By the time the 1940s were rolling around, Cecil B. DeMille was doing a lot less work, but the work was getting more expensive. DeMille took off a couple of years now between films to create the opulent splendor that typifies his work.
Well Samson and Delilah abounds in opulence. The color cinematography is first rate and reason enough to see the film. Of course it has the usual stilted dialog that is common in DeMille's costume work. But one has to remember that DeMille made his show business bones with David Belasco in the Edwardian era. And that's how folks talked in those Belasco plays.

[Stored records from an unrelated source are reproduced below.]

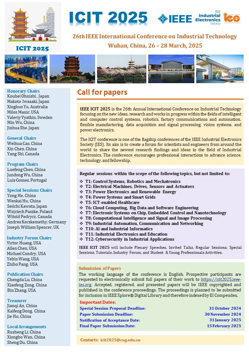 第26届IEEE国际工业技术大会(ICIT2025)将于2025年3月26日至28日在中国武汉举办,由BB贝博艾弗森官网(武汉)自动化学院承办。ICIT2025重点关注智能和计算机控制系统、机器人技术、工厂通信和自动化、柔性制造、数据采集和信号处理、视觉系统和电力电子等领域的新思想、新研究和新进展。
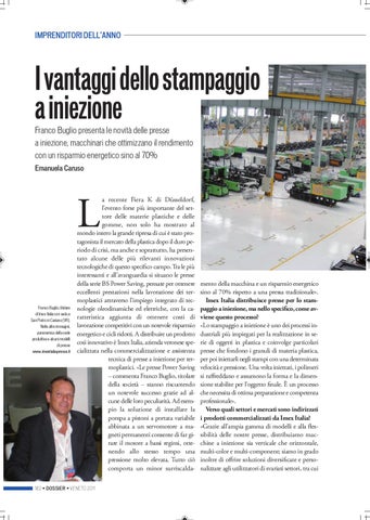 I vantaggi dello stampaggio a iniezione Franco Buglio presenta le novità delle presse a iniezione, macchinari che ottimizzano il rendimento con un risparmio energetico sino al 70% Emanuela Caruso
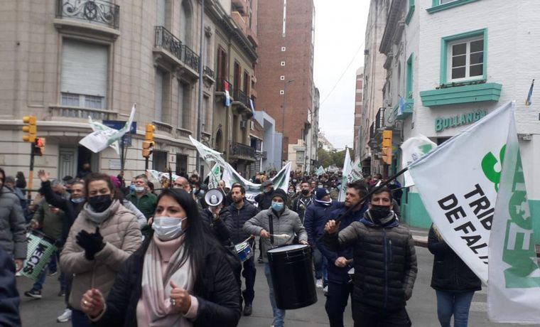 Hay asambleas de dos horas por turno y luego quite de colaboración en la mayoría de las dependencias. Bulevar Chacabuco al 700, y San Martín y Mitre, escenario de los cortes.
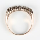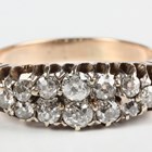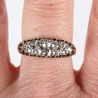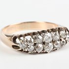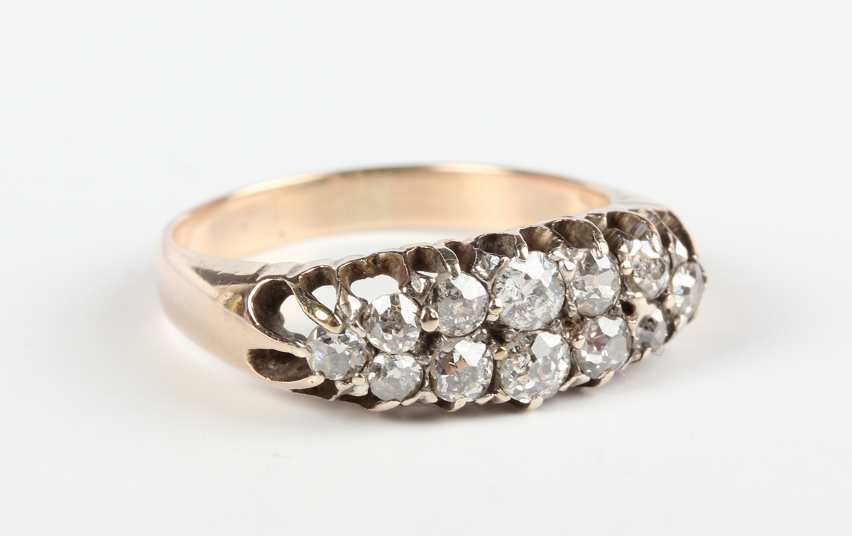 A gold ring, mounted with twelve old cut cushion shaped diamonds in boat shaped setting, unmarked, weight 3.7g, ring size approx P.
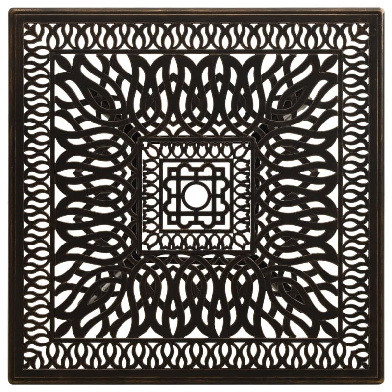 Този бистро комплект, изработен от лят алуминий, осигурява удобно преживяване при седене за вас и вашите гости. Градинските столове и маса, изработени от алуминий, са здрави и издръжливи. Устойчивият на ръжда и на атмосферни влияния материал прави комплекта мебели идеален за използване на открито. Красивите шарки правят бистро комплекта елегантно допълнение към вашето външно пространство. Освен това масичката за кафе има отвор за чадър, който може перфектно да побере чадъра ви, за да ви предпази от слънце или дъжд. Забележка: За да удължите живота на вашите градински мебели, препоръчваме ви да ги почиствате редовно и да не ги оставяте ненужно на открито без защита.Почистване: Използвайте мек сапунен разтворСъхраняване: Ако е възможно, съхранявайте на хладно и сухо място на закрито. Ако продуктът се съхранява на открито, защитете го с водоустойчиво покривало. Избършете и изсушете излишната вода или сняг от плоските повърхности след дъжд или снеговалеж. Позволете достатъчно циркулация на въздуха, за да избегнете повреди, свързани с влагата. Максимално 110 кг на седалка.

Acting honors in this go to George Sanders as the Saran of Gaza, Philistine ruler and sophisticated cad. This was the height of Sanders career, he received a Best Supporting Actor Oscar for All About Eve the same year. I think the Saran and Addison DeWitt would have understood each other very well.
Angela Lansbury is the original object of Samson's lust and she does okay, but personally if you had the choice between Jessica Fletcher and Tondelayo, who would you choose? Is that ever a no-brainer.
DeMille got a couple of loan-outs to play the leads. Hedy Lamarr could easily lay claim to be the most beautiful woman in the cinema. She never had much acting skill, but all she has to do is be seductive and that no one could do better.
And Victor Mature away from his home studio of 20th Century Fox where he was languishing, Samson and Delilah provided a whole new vista for him with roles in spectacle pictures where he could truly be that beautiful hunk of man.
Fay Holden is good as Samson's mother. In modern times I can just hear her telling him about settling down with a good Jewish girl.